Warum wirken die Vereinten Nationen in den großen Krisen so machtlos?

Tatsächlich ist der Sicherheitsrat bei den großen weltpolitischen Fragen oft gespalten. Auf eine Syrien-Resolution etwa kann sich das Gremium seit Jahren nicht einigen, weil die USA und Russland unterschiedliche Interessen verfolgen, beide aber über ein Veto-Recht im höchsten UN-Gremium verfolgen. Auch bei der Krise in Venezuela konnte sich der Sicherheitsrat auf keine gemeinsame Linie einigen. Einer Resolution der USA, in der sie Hilfslieferungen und faire Wahlen forderten, schlossen sich Deutschland, Frankreich und die anderen Europäer an. Russland und China blockierten die Resolution aber per Veto. Damit war zum wiederholten Mal der UN-Sicherheitsrat in der Bewertung eines Konflikts uneins und das Gremium bildete die Spaltung der internationalen Staatengemeinschaft nur ab.

Die Mitglieder des UN-Sicherheitsrates

Bekommt Deutschland auf Dauer einen Sitz im Sicherheitsrat?
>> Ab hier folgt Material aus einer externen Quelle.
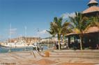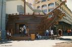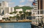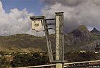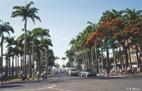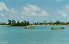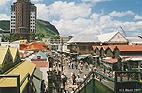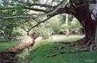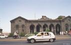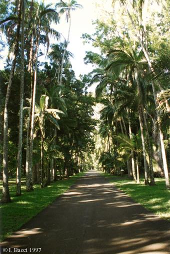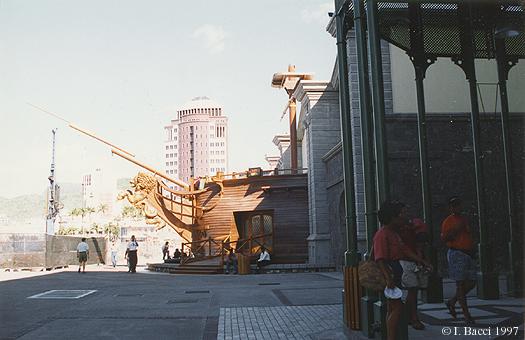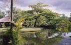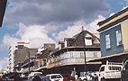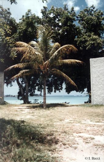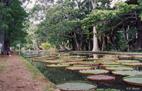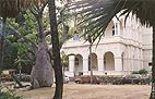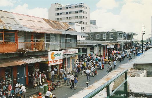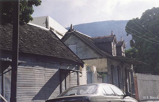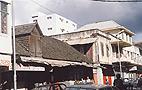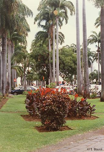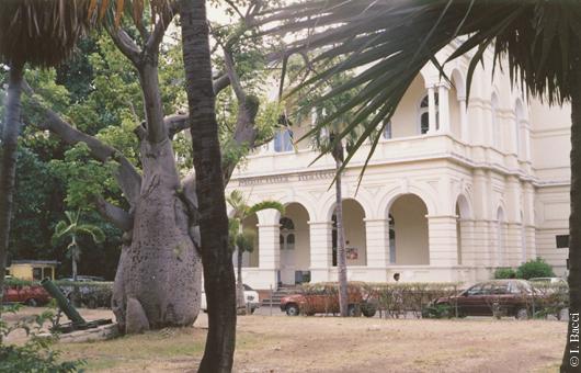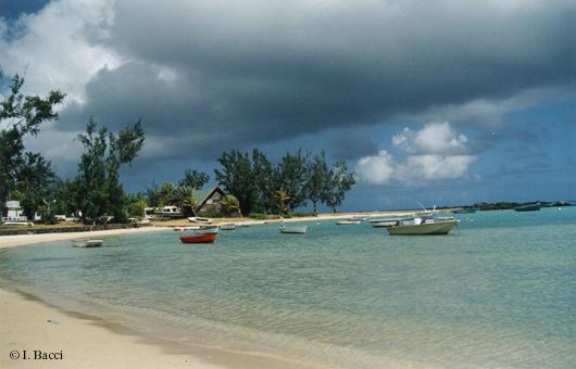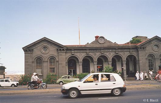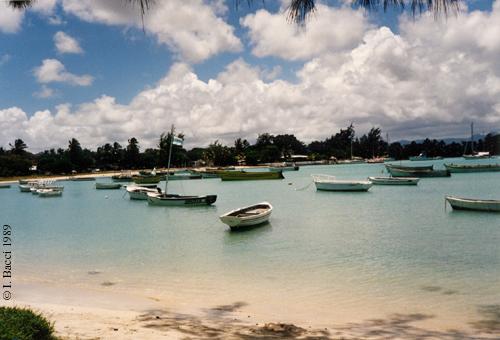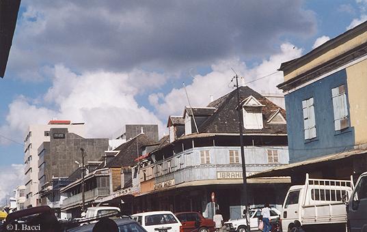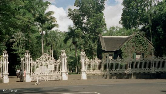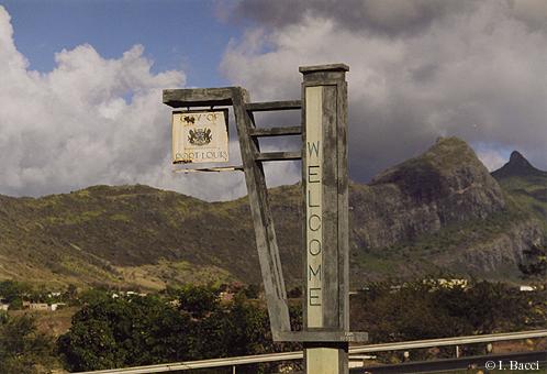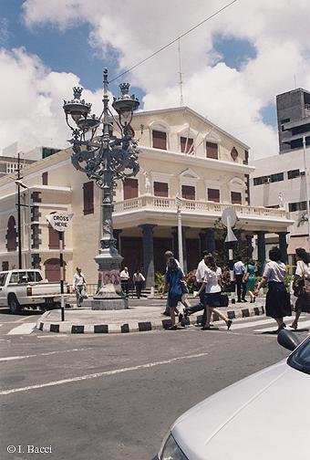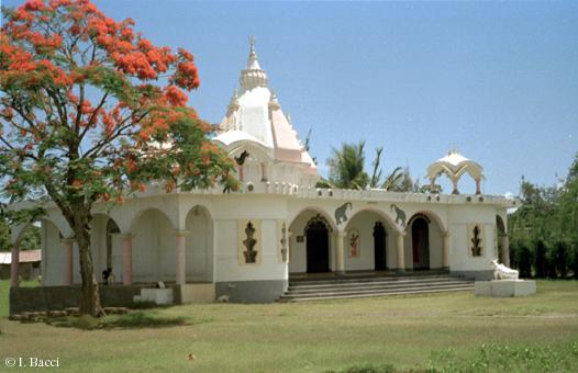 Au fond, en rose et blanc, le temple de Grand-Baie
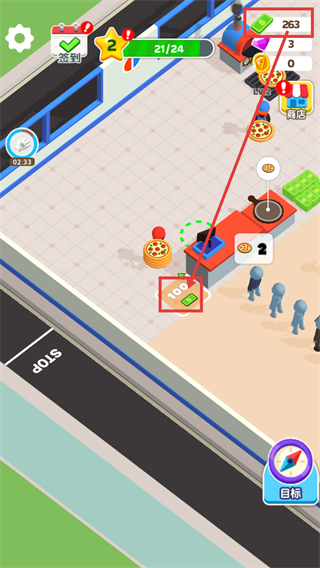 2、点击场景内的【100】标识,获取对应的金币资源,补充店铺运营所需的资金储备,保障后续操作开展。
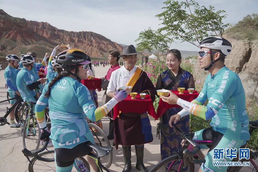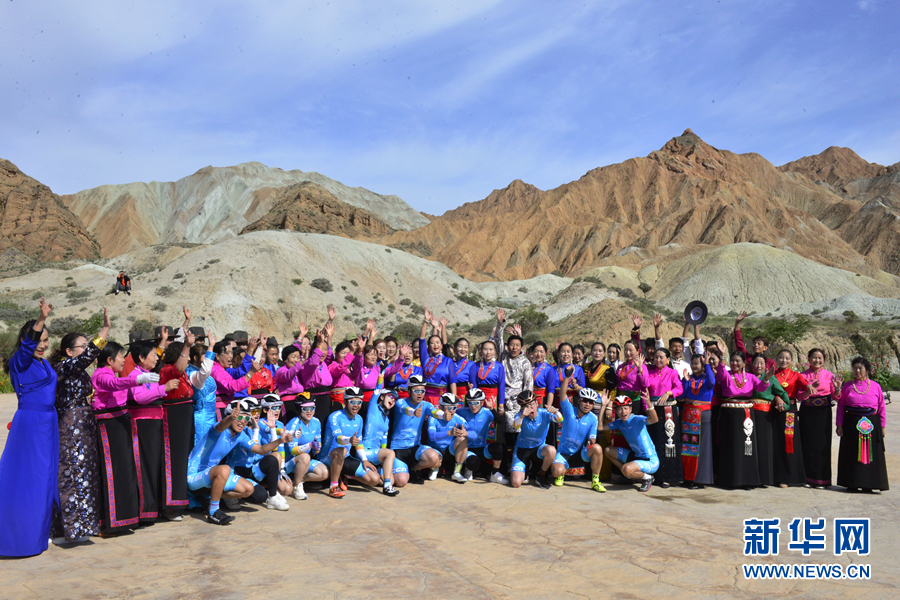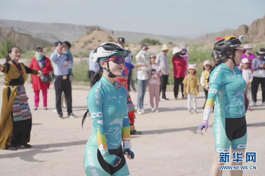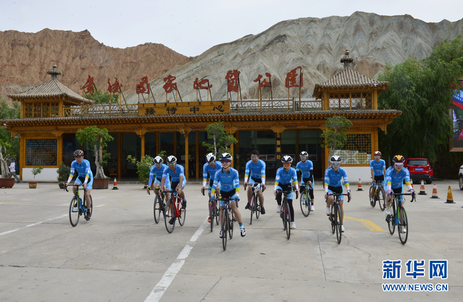 圖為“挑戰(zhàn)2020”環(huán)湖精英行“網(wǎng)紅”團隊在貴德國家地質(zhì)公園準(zhǔn)備騎行。新華網(wǎng) 魚昊 攝
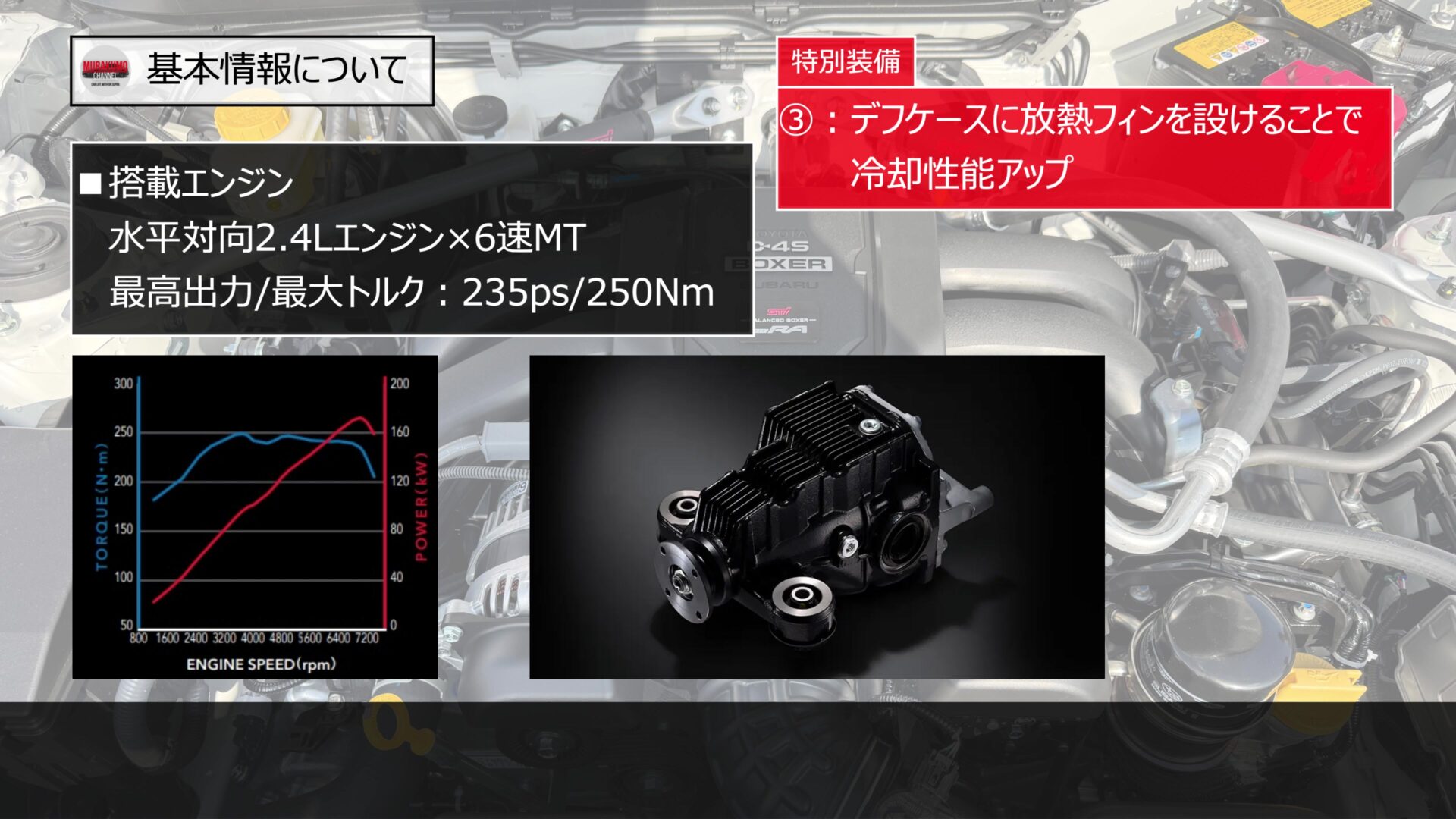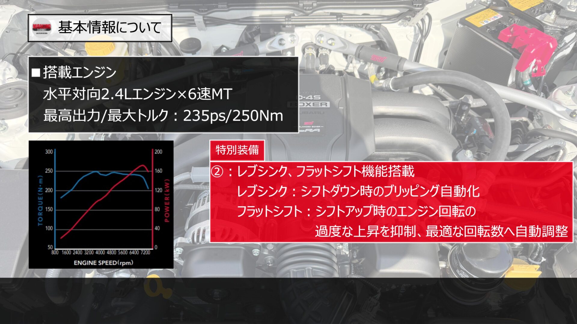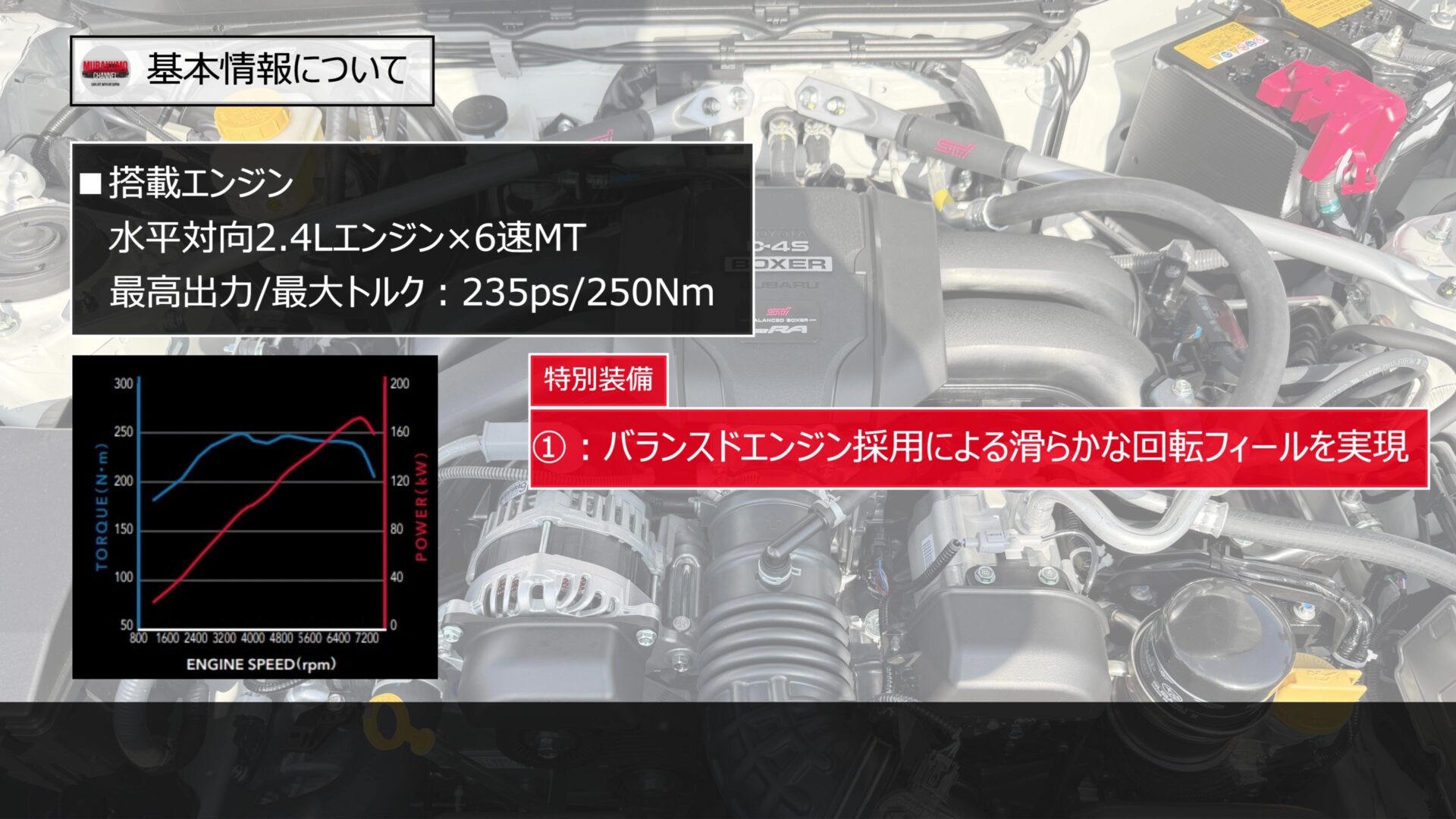 最大出力は235ps、最大トルクは250Nmで、数値上は通常のBRZと同じですが、このモデル最大の特徴は「バランスドエンジン」を採用している点です。これはスーパー耐久シリーズ参戦車両で培われた技術で、ピストンやコンロッド、クランクシャフト、フライホイール、クラッチカバーといったエンジン内部の部品を一つ一つ精密に重量バランス取りすることで、エンジンの振動を徹底的に抑えています。

Schon seit der Wiedervereinigung setzt sich Deutschland für einen eigenen ständigen Sitz im UN-Sicherheitsrat ein. Zuletzt erst haben Deutschland und Frankreich im gemeinsamen Aachener Vertrag eine Reform der Vereinten Nationen und einen ständigen Sitz Deutschlands zum gemeinsamen Ziel erklärt. Argumente hat Deutschland viele auf seiner Seite: viertgrößter Beitragszahler, großer Truppensteller im Rahmen der Vereinten Nationen und weltweit engagiert auf wichtigen Feldern der Vereinten Nationen wie Klimapolitik, Menschrechte und Abrüstung. Deutschland setzt sich nicht allein für eine Reform ein: auch Brasilien, Japan und Indien kämpfen für neue Sitze im UN-Sicherheitsrat. Tatsächlich geht es aber beim Ziel einer UN-Reform nur "millimeterweise voran" wie kürzlich ein UN-Diplomat erklärte. Deutschland muss also seine Zeit als gewähltes Mitglied im höchsten UN-Gremium auskosten - eine Dauerpräsenz ist nicht in Sicht.